Graphlet-based network comparison distances
Supplementary Information for: "Graphlet-based Characterization of Directed Networks"
A. Sarajlic, N. Malod-Dognin, O.N. Yaveroglu and N. Przulj
Corresponding author: Prof. Natasa Przulj, e-mail: natasa [AT] cs.ucl.ac.uk
We provide here the software and python script that we used to compute the various directed network distances presented in our paper.
This includes the Directed Graphlet Correlation Distance (DGCD), the Directed Relative Graphlet Frequency Distribution Distance (DRGF) and the Directed Graphlet Degree Distribution Agreement (DGDDA).
- First, all directed networks must be in edge-list format.
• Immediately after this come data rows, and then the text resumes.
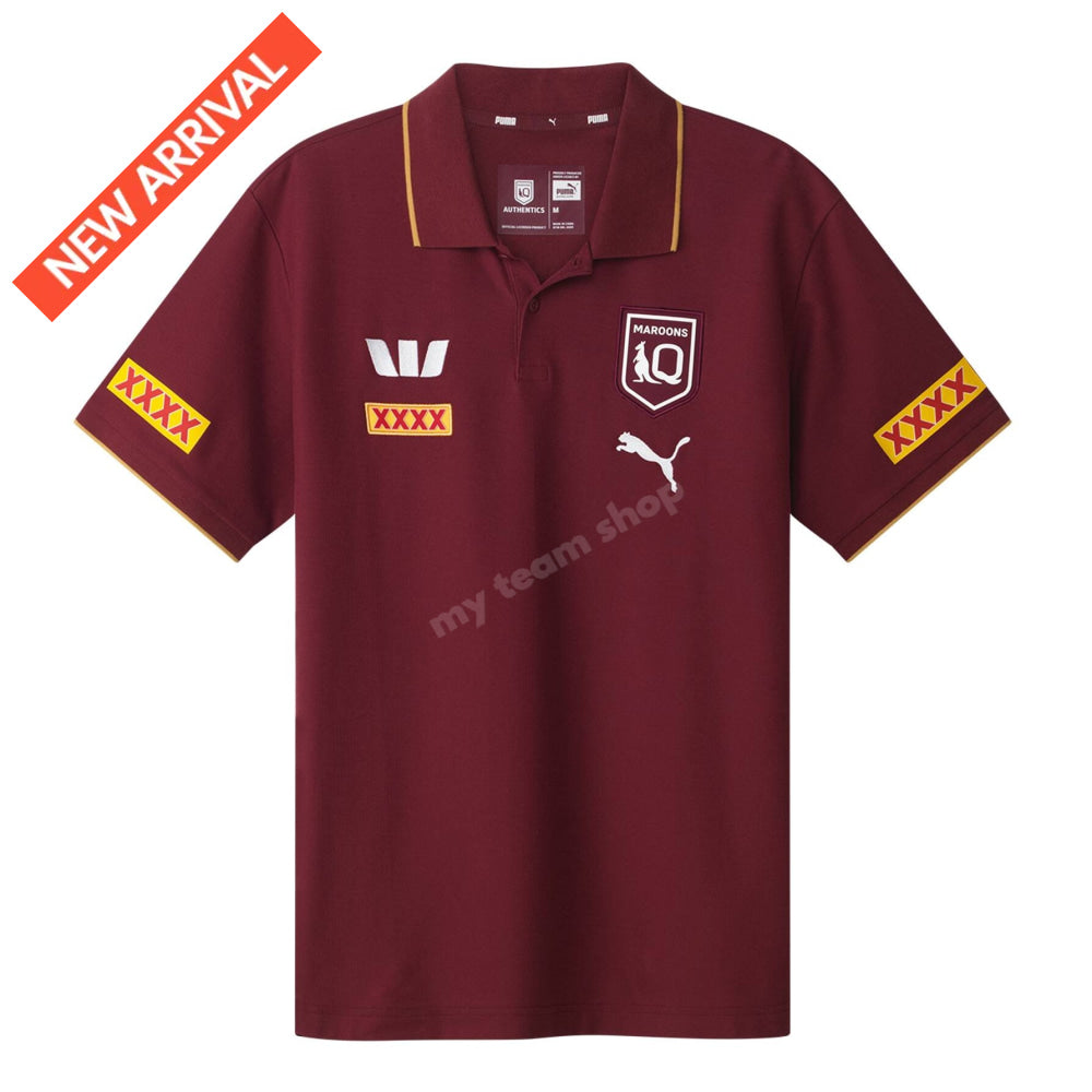 Finished with premium collar and cuff detailing, it proudly displays the official QLD Maroons crest alongside PUMA branding and authentic sponsor logos. The flat knit collar adds a polished look, making it ideal for match days, training sessions or casual wear.
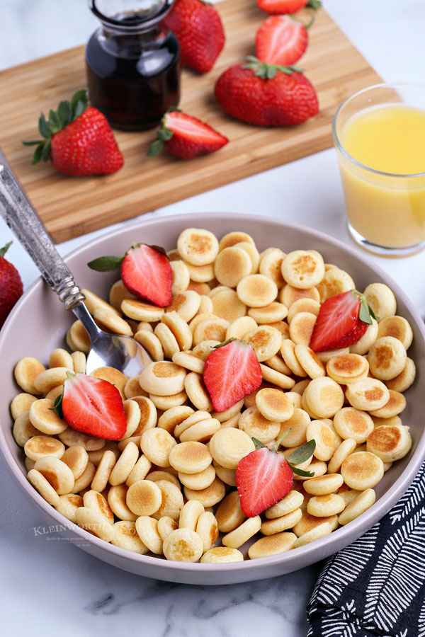 Mini Pancake Cereal has taken over the internet. Teeny tiny pillowy pancakes with a crispy outer texture are great with syrup, fruit, & more!
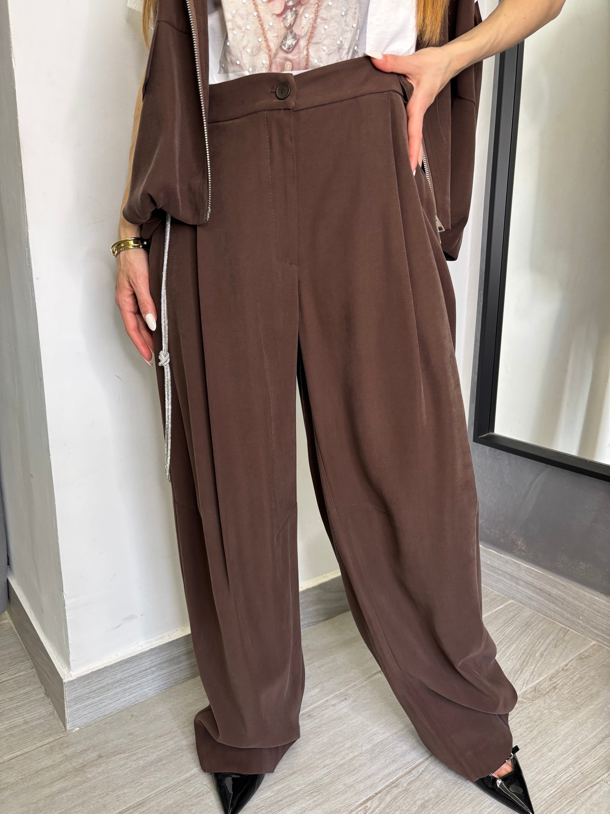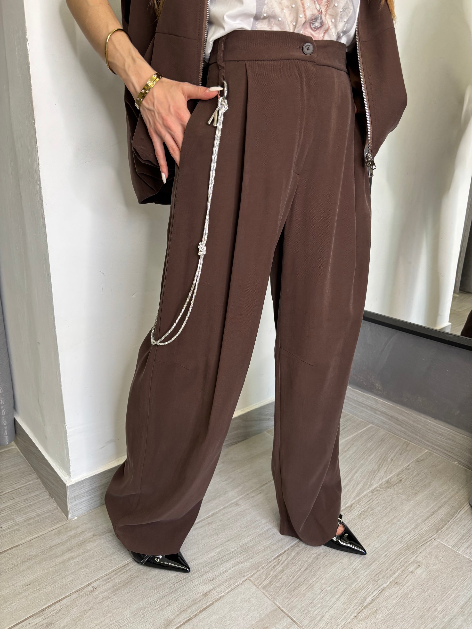 Pantalone modello morbido, cerniera e bottoncino . Cinturino con passanti, tasche nei fianchi. Dettaglio cordino in brillantini con possibilità di essere tolto. Composizione 90% viscosa 10% poliestere
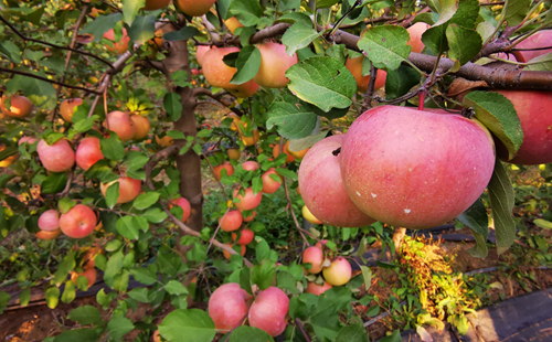 下午,登山賞過紅葉后的大家開始稍顯疲憊,不過隨車到達蘋果采摘園后,每個人臉上又開始充滿激動。有員工是南方人,表示:“這是第一次摘蘋果,感覺很新奇,而且新鮮摘的蘋果真的很好吃。”

- Then, you must compute the directed graphlet degree vector signatures of each network using the provided C++ counter:
This will produce three files:
- my_network.graphletcounts.txt, which summarizes the counts of directed graphlets in the network (e.g., for computing DRGF),
- my_network.signatures.txt, which contains the directed graphlet degree signatures of the nodes, with one signature per line (e.g., for computing DGCD),
- my_network.dictionary.txt, which relates the line numbers in the signature files with the nodes IDs of the network.
- Finally, to compute DGCD-13 (DGCD using 2- to 3-nodes directed graphlet degrees), all networks and their signature files must be in the same folder:
"python Directed_Distances_v2.py network_folder 1 n", where n is the number of allowed parallel threads
You can check Directed_Distances_v2.py script to see all available network distance.